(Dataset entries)
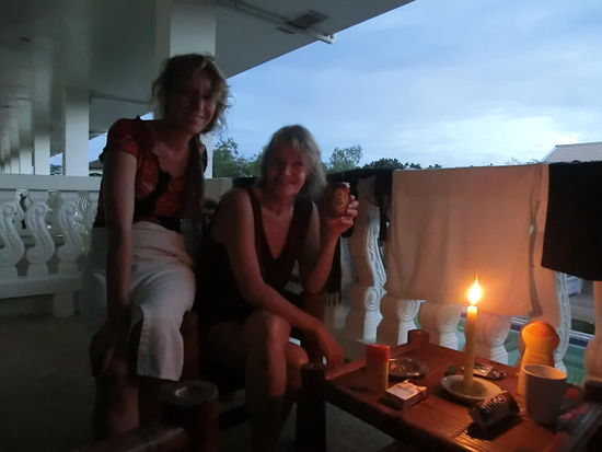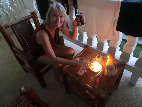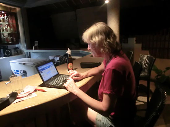 5. Abende an der Hotelbar mit lauter Musik (Pink Floyd) und anderen Stammgästen - nur hier ist IMMER Strom. Wir sitzen abends hier und posten unsere Berichte
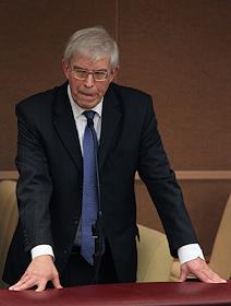 Председатель комитета Государственной думы России по международным делам Константин Косачев (справа) во время думского заседания.
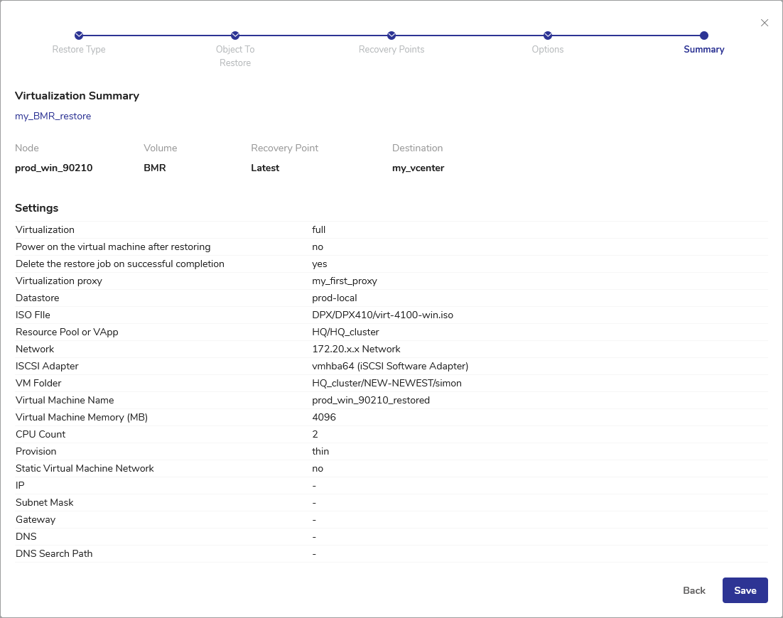 - Select the virtualization proxy server. For more information, see DPX Proxy Server.
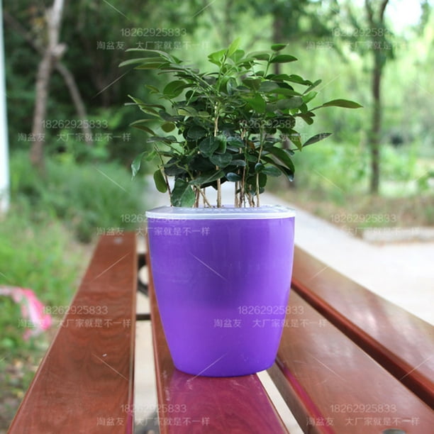Colorful Self Watering Round Planter Flower Pot Home Garden Decor Professional Green Plant Vase Translucent Purple Medium M5 Walmart Com
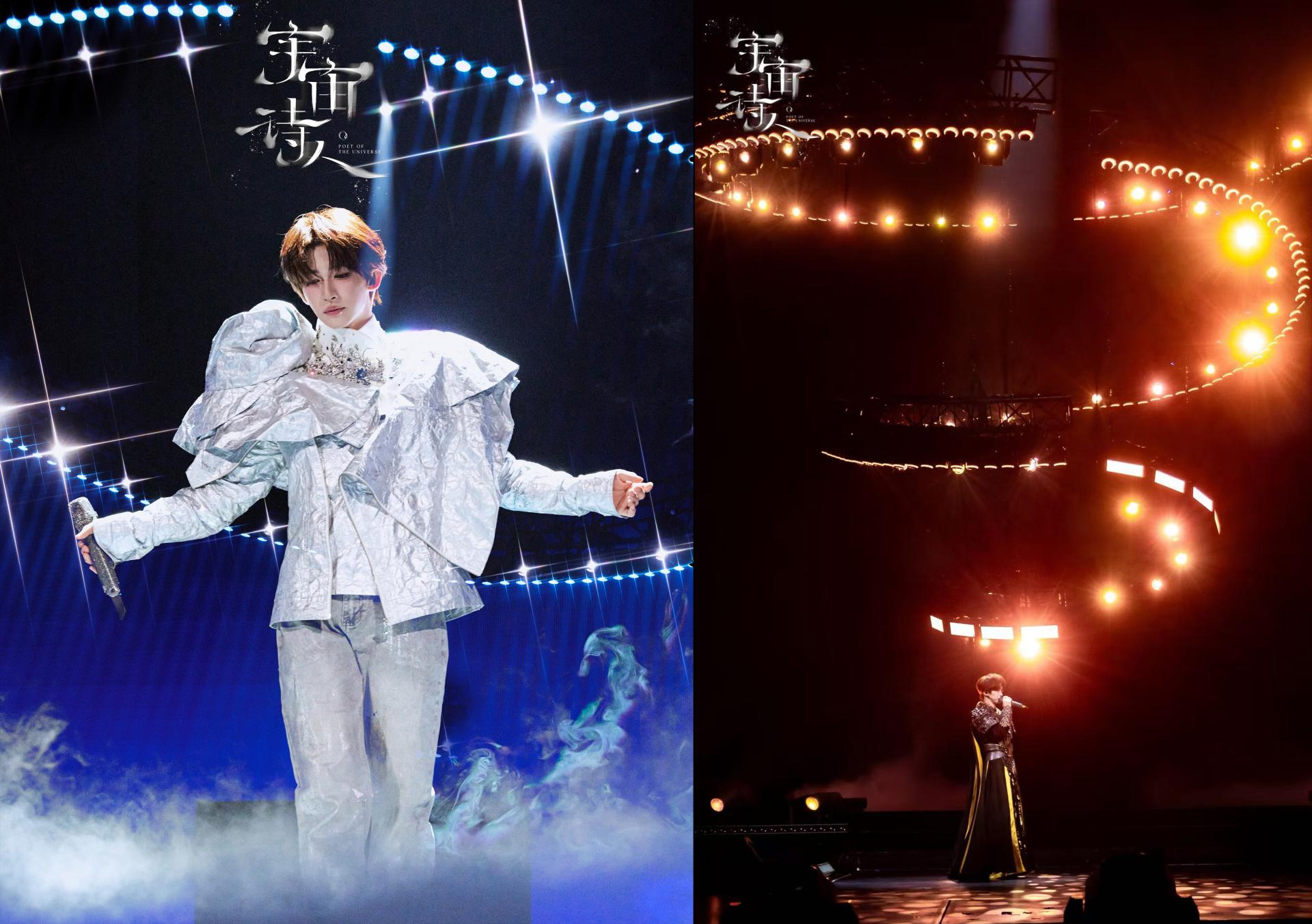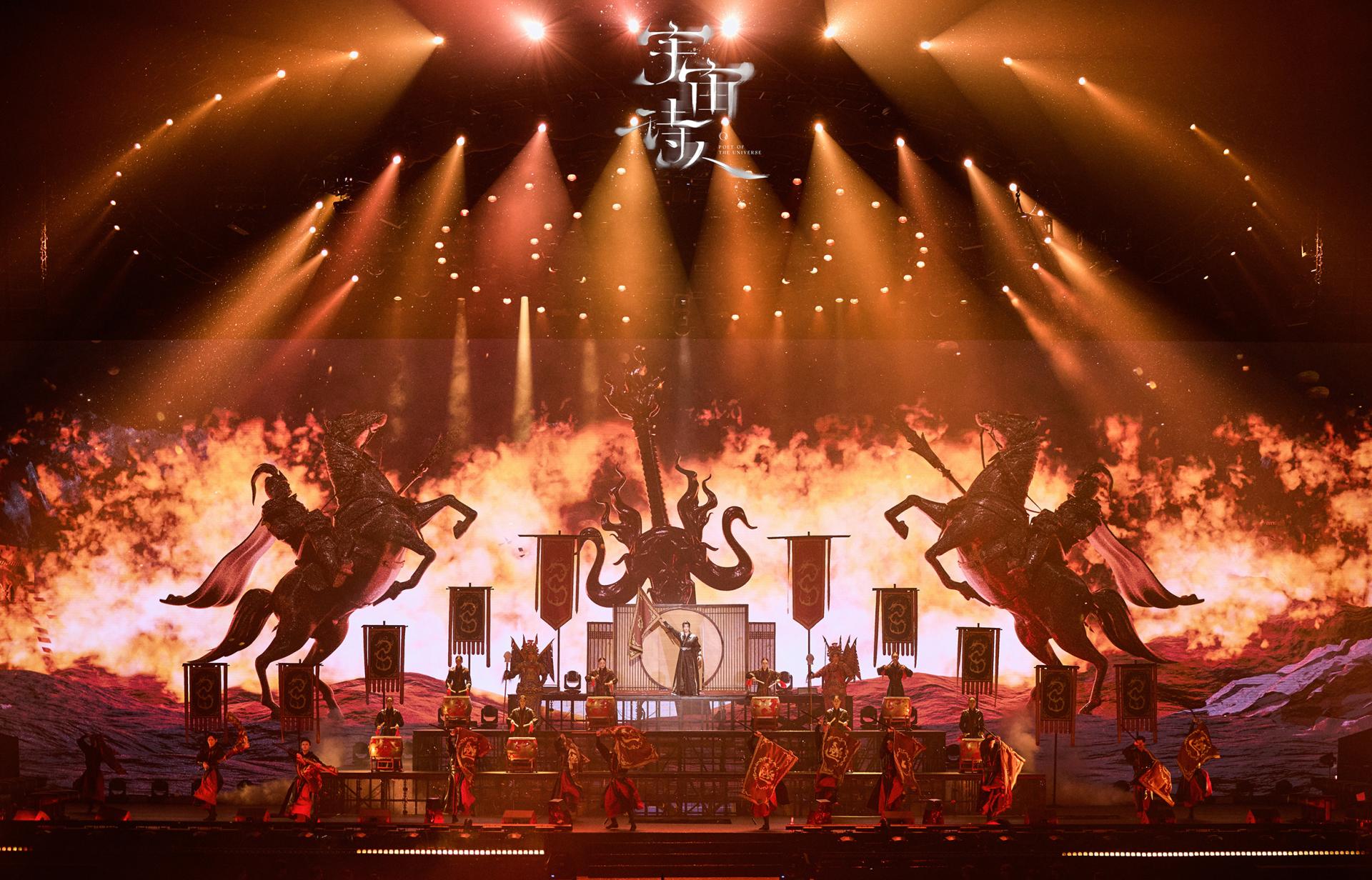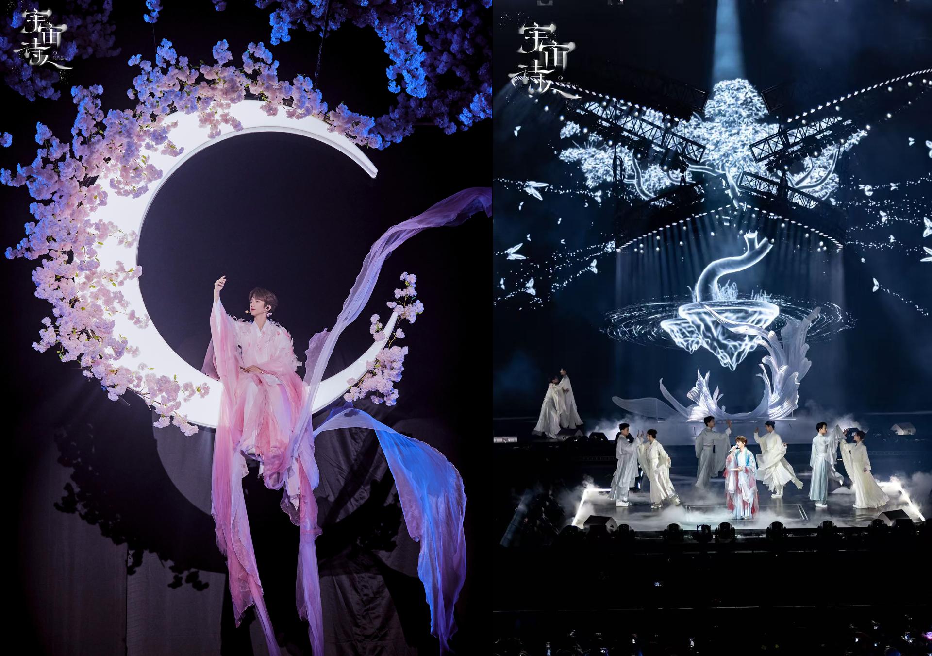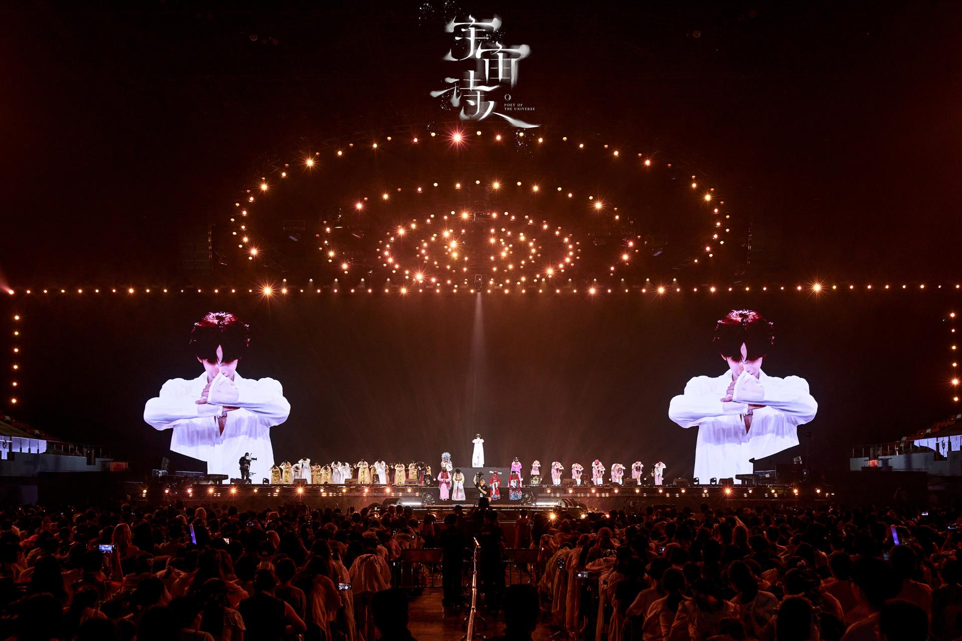 The stage design emphasizes the [duality and unity] of stage space, mechanics, performance, and set design. It skillfully balances the boundless vastness of the Western [Cosmos] with the romantic resilience of the Oriental [Poet]. Combined with the artist's performances across [Traditional] and [Modern] dual chapters, it leads the audience to explore the heritage of civilizational diversity under the vast universe.

#### [WHAT THE TASK ASKS]
Output every entry exactly, leaving out pictures.

#### [WRITTEN ANSWER]
 5. Abende an der Hotelbar mit lauter Musik (Pink Floyd) und anderen Stammgästen - nur hier ist IMMER Strom. Wir sitzen abends hier und posten unsere Berichte
 Председатель комитета Государственной думы России по международным делам Константин Косачев (справа) во время думского заседания.
 - Select the virtualization proxy server. For more information, see DPX Proxy Server.
Colorful Self Watering Round Planter Flower Pot Home Garden Decor Professional Green Plant Vase Translucent Purple Medium M5 Walmart Com
 The stage design emphasizes the [duality and unity] of stage space, mechanics, performance, and set design. It skillfully balances the boundless vastness of the Western [Cosmos] with the romantic resilience of the Oriental [Poet]. Combined with the artist's performances across [Traditional] and [Modern] dual chapters, it leads the audience to explore the heritage of civilizational diversity under the vast universe.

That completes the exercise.